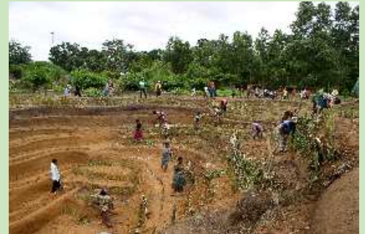
Congo (DRC) - A reshaped urban gully being stabilized with vetiver grass
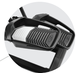
Sports Performance Pedals
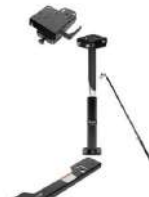
Ford Transit 7170-0226 Pedestal system kit
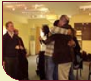
Trendsetter residential with Sheffield Black Drugs Service (SBDS)

"We're grateful for the support we've received through the Trendsetter support package and we hope we'll now go a long way"
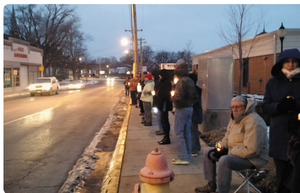
East Central Area Chapter-MRL Candlelight Vigil remembering 43 years of abortion on demand.

in my arms, feeling my heart fill with more love than I ever knew possible, has taught me a lesson I learned several years too late: a mother will do anything for her child.
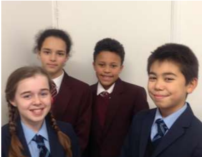
The Head Boys and Girls shared lots of ideas. Thank you Ingatestone Junior School for coming to visit.
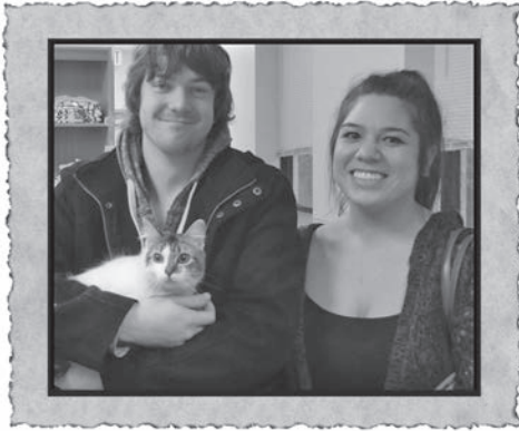
A 9-month old kitty named Kitana was our 10,000th surgery patient.

The Spay Spa & Neuter Nook, Rude Ranch's High Quality, Low Cost spay/neuter clinic hit a milestone in performing our 10,000th surgery in March. That works out to 7,009 cats, 2,935 dogs, 53 rabbits, 2 guinea pigs and an opossum! We hit the magic number the morning of March 26. A then 9 month old long haired kitty named Kitana was number 10,000.
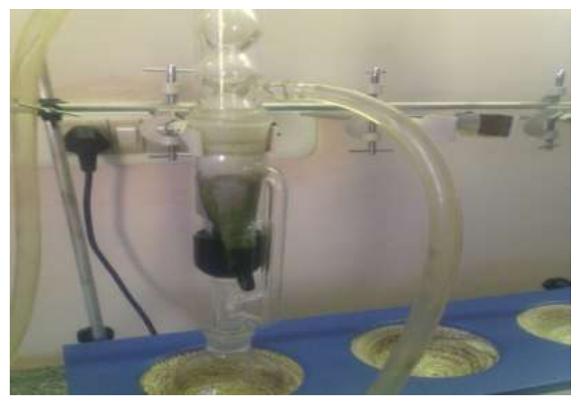
Figure – 2 Extraction of Momordica tuberosa leaves using Soxhlet appartus

The leaves of the plant were dried under shade for a period of 2 weeks. The dried leaves were milled to a fine powder. The material was extracted with 80% ethanol using soxhlet extraction apparatus and it was evaporated to dry at 60°C. Dried leaves (20 g) of Momordica Tuberosa leaves yielded 4 g of crude extract. The solid residues were stored in airtight container and preserved in the refrigerator at -20^{\circ} C.<sup>[14]</sup> From this stock, fresh preparations were obtained whenever required.
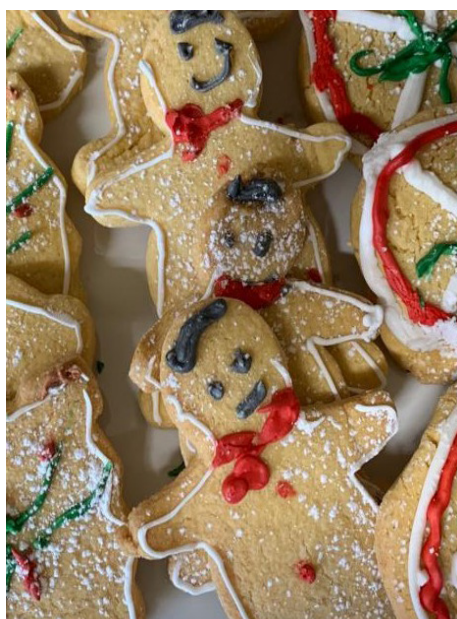
Festive biscuit treats are always enjoyed...
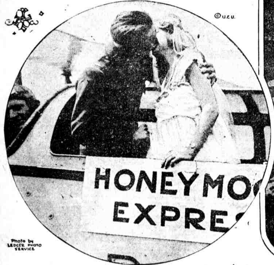
JUST BEFORE the Honeymoon Express left prosaic earth at the army aviation field at Washington and flew into the celestial blue with Lieutenant J. Elwood Boudin and bride.

-----

■ **WHAT TO PRODUCE**
The reply must consist of the complete listing, reproduced exactly, with no images.

■ **YOUR RESPONSE**
Congo (DRC) - A reshaped urban gully being stabilized with vetiver grass
Sports Performance Pedals
Ford Transit 7170-0226 Pedestal system kit
Trendsetter residential with Sheffield Black Drugs Service (SBDS)

"We're grateful for the support we've received through the Trendsetter support package and we hope we'll now go a long way"
East Central Area Chapter-MRL Candlelight Vigil remembering 43 years of abortion on demand.

in my arms, feeling my heart fill with more love than I ever knew possible, has taught me a lesson I learned several years too late: a mother will do anything for her child.
The Head Boys and Girls shared lots of ideas. Thank you Ingatestone Junior School for coming to visit.
A 9-month old kitty named Kitana was our 10,000th surgery patient.

The Spay Spa & Neuter Nook, Rude Ranch's High Quality, Low Cost spay/neuter clinic hit a milestone in performing our 10,000th surgery in March. That works out to 7,009 cats, 2,935 dogs, 53 rabbits, 2 guinea pigs and an opossum! We hit the magic number the morning of March 26. A then 9 month old long haired kitty named Kitana was number 10,000.
Figure – 2 Extraction of Momordica tuberosa leaves using Soxhlet appartus

The leaves of the plant were dried under shade for a period of 2 weeks. The dried leaves were milled to a fine powder. The material was extracted with 80% ethanol using soxhlet extraction apparatus and it was evaporated to dry at 60°C. Dried leaves (20 g) of Momordica Tuberosa leaves yielded 4 g of crude extract. The solid residues were stored in airtight container and preserved in the refrigerator at -20^{\circ} C.<sup>[14]</sup> From this stock, fresh preparations were obtained whenever required.
Festive biscuit treats are always enjoyed...
JUST BEFORE the Honeymoon Express left prosaic earth at the army aviation field at Washington and flew into the celestial blue with Lieutenant J. Elwood Boudin and bride.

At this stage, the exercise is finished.